The statement, released Tuesday, was co-signed by the Publishers Association, the Society of Authors, the Authors’ Licensing and Collecting Society and the Association of Authors’ Agents. It is the first joint statement from the publishing trade bodies on AI.
It comes the day before the government’s AI safety summit, scheduled to take place at Bletchley Park across Wednesday and Thursday. The publishing bodies said they applauded Rishi Sunak for convening the first summit of its kind and for “positioning the UK as a facilitator for strong global action” on AI, but they urged the prime minister to make a “statement of commitment” to protect human creativity, intellectual property, publishing and the creative industries as the technology evolves.
“We need acknowledgment of and recompense for the copyright infringement that has already happened […] and assurances that those practices will end,” reads the statement. It named a pirated database of books, Books3, which contains the works of authors such as Zadie Smith and Rachel Cusk and which was used to train AI tools run by companies including Meta and Bloomberg, according to analysis by the Atlantic published in August.
Earlier this month, a Bloomberg spokesperson said that the company was not using Books3 to train commercial versions of its large language model BloombergGPT, though it used the dataset to train its research model. In a September lawsuit, Meta said that using copyrighted texts to train its model, LLaMA, is fair use. Shawn Presser, the independent AI developer who originally created Books3, said that while he is sympathetic to authors’ concerns, he made the database so that anyone could develop generative AI tools and worries about the risks of large companies having control of the technology.
The publishing bodies said human creativity was the bedrock of the publishing and wider creative industries and was worth about £116bn this year in the UK. They said creative work could only thrive with “a strong copyright regime, compensation, credit for authors and other creators, and rightsholders’ control”.
The statement comes after three large European publishing trade bodies – the European Writers’ Council, the Federation of European Publishers and the European and International Booksellers Federation – called on the EU to act on transparency over artificial intelligence for the sake of “the book chain and democracy”.

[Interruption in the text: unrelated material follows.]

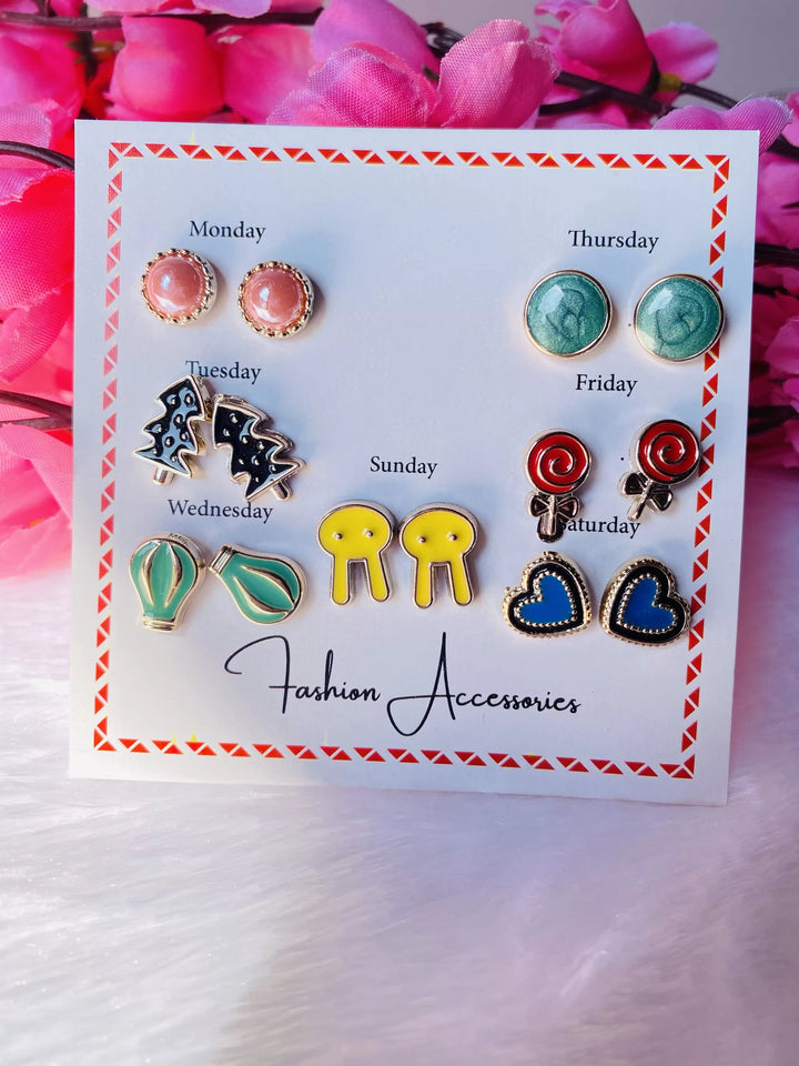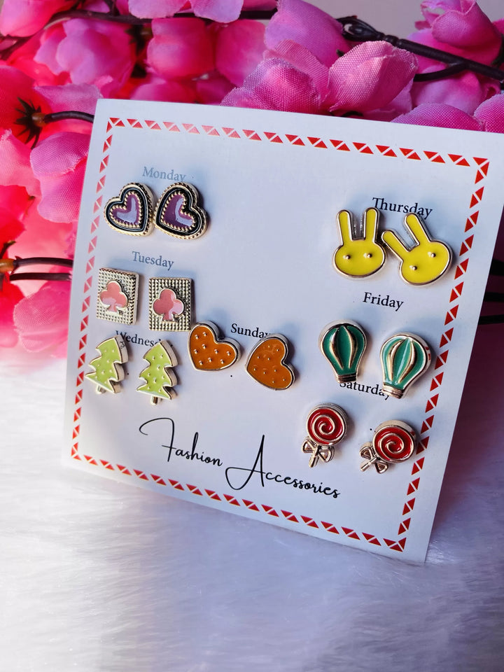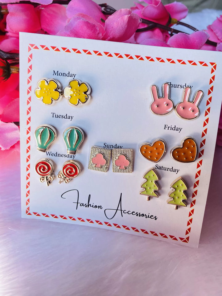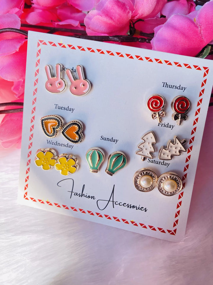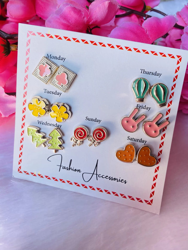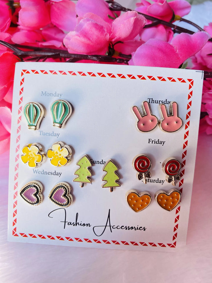 7 pair multicolour cute stud earrings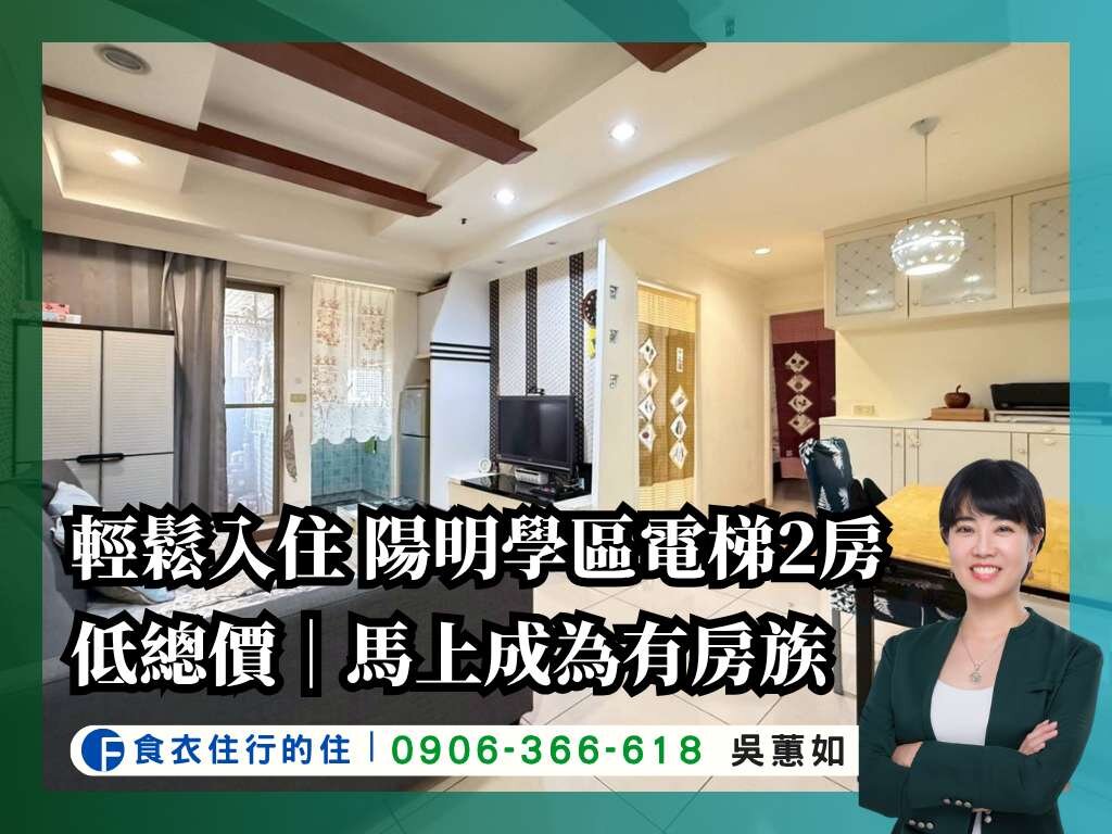 低總價輕鬆買到房|陽明學區電梯2房平移車位

The UK trade bodies said ending the “opaque development” of AI was long overdue and could only be ensured with strong government support. “This is an issue on which the entire publishing industry is united,” they continued. “It is vital that authors and rightsholders are protected by government.
“We need practices based on consent and fair payment to ensure that authors and rightsholders are asked for permission and rewarded for the use of their works. We need to ensure that creators are credited when their works are used to generate derivative outputs.”
On Monday, Downing Street said it was pleased with the responses it had had to invitations to this week’s AI summit, despite Joe Biden and Emmanuel Macron declining to attend.